Lauren read about a story today on Suburban Bliss that really affected both of us when we read it. The New York Times published a sensational essay entitled "The New Nanny Diaries Are Online" by Helaine Olen, who with her husband employed a young blogging future academic as their nanny, and fired her when they became uncomfortable with her writing. The essay, which is worth reading if you enjoy unintentional self-caricature (and who doesn't?), describes the author's dawning realization of her employee's life outside their family and subsequent dismissal for contrived reasons.

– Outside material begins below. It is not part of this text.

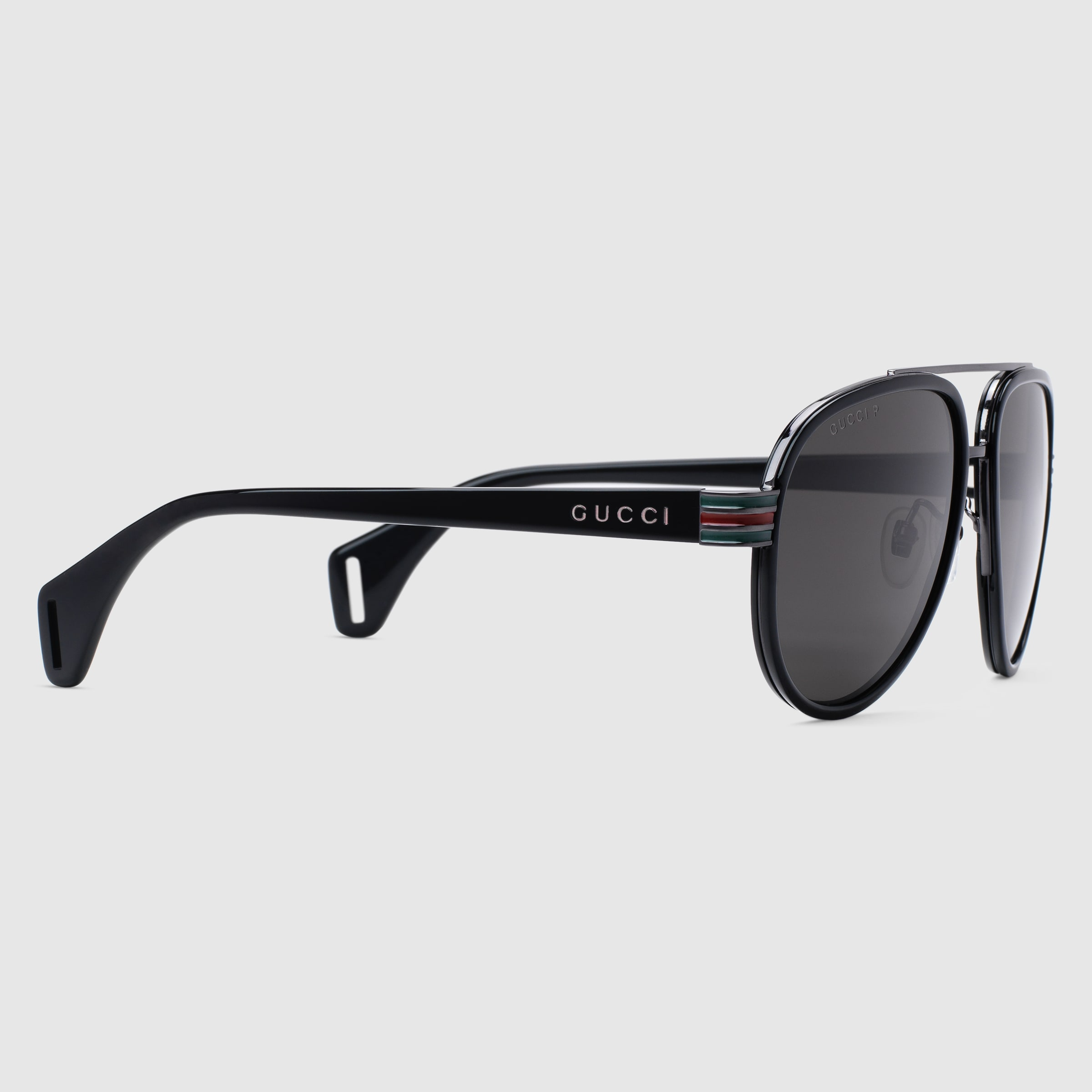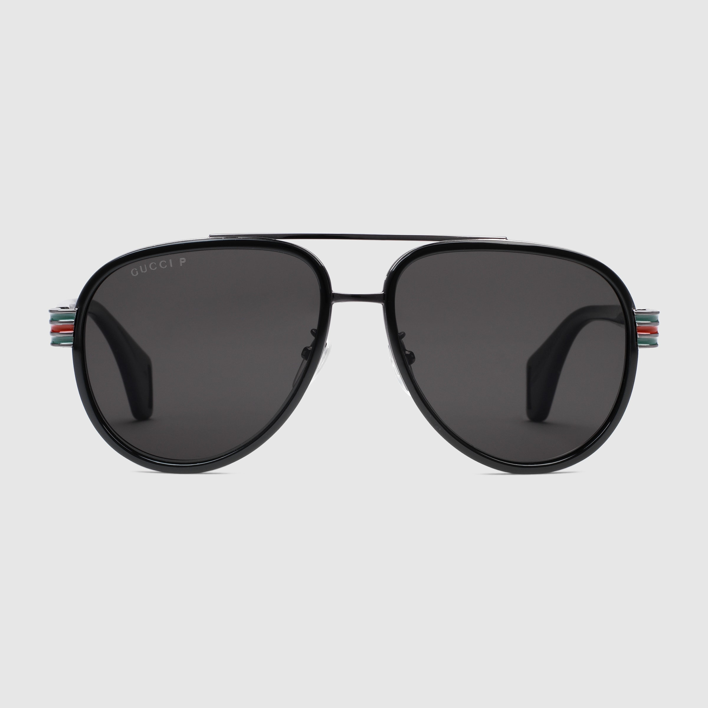 The Gucci AVIATOR SUNGLASSES GG0447S epitomize classic aviator style with a modern twist. Featuring a sleek metal frame and teardrop-shaped lenses, these sunglasses exude a timeless appeal. The double bridge design adds a touch of sophistication, while the iconic Gucci logo on the temples showcases luxury. With 100% UV protection, these sunglasses are both stylish and functional, making them a must-have accessory for any fashion-conscious individual seeking to make a statement. Embrace the iconic aviator look with Gucci's impeccable craftsmanship.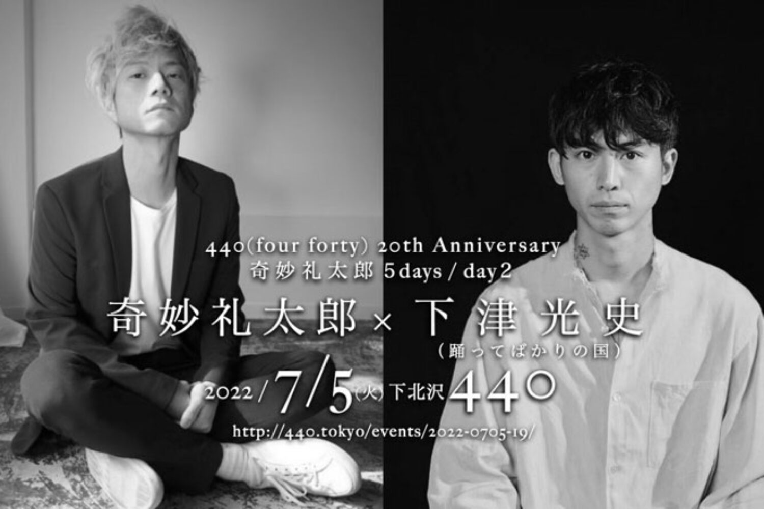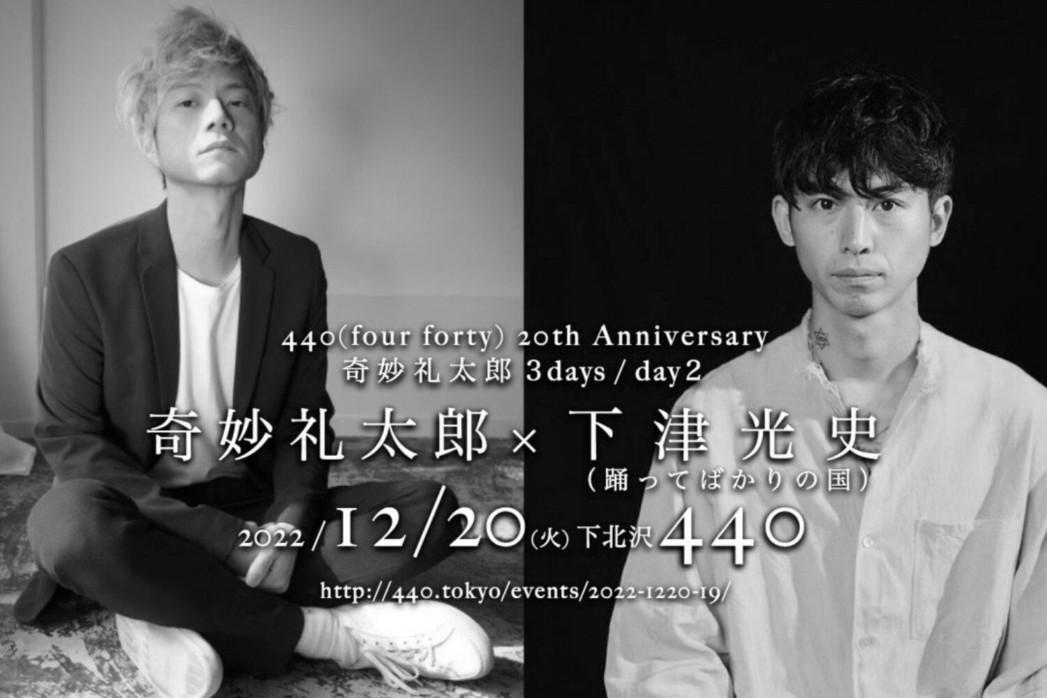 【“奇妙礼太郎 3Days / Day2” 440(four forty) 20th Anniversary】ACT: 奇妙礼太郎 × 下津光史(踊ってばかりの国) OPEN/START 18:30/19:00

I love the New York Times. It is really the best newspaper in America, which makes the publication of this essay all the more disappointing. This article is simply not fit for print. It isn't news and it isn't even factual, if you believe the nanny's excellent rebuttal, which you must read. All it did was serve to devalue another person and their personal thoughts for the self-serving, and ultimately ridiculous, purposes of the of the author. Shame on them.
2 comments:
One more thought though - maybe bosses don't always need to know about blogs? Mine do, and we talk about how blogs might benefit our business. Not everyone is so open-minded though, and I think most of the time you know going in whether they are going to like it or not.
Possibly, if that were the standard. But the Times' motto is "All the News That's Fit to Print." I'd say this fails on two counts, being neither news nor fit to print.
Sure sensationalism sells, but we can get stories like this in the check-out line where they belong. In the New York Times I want journalism.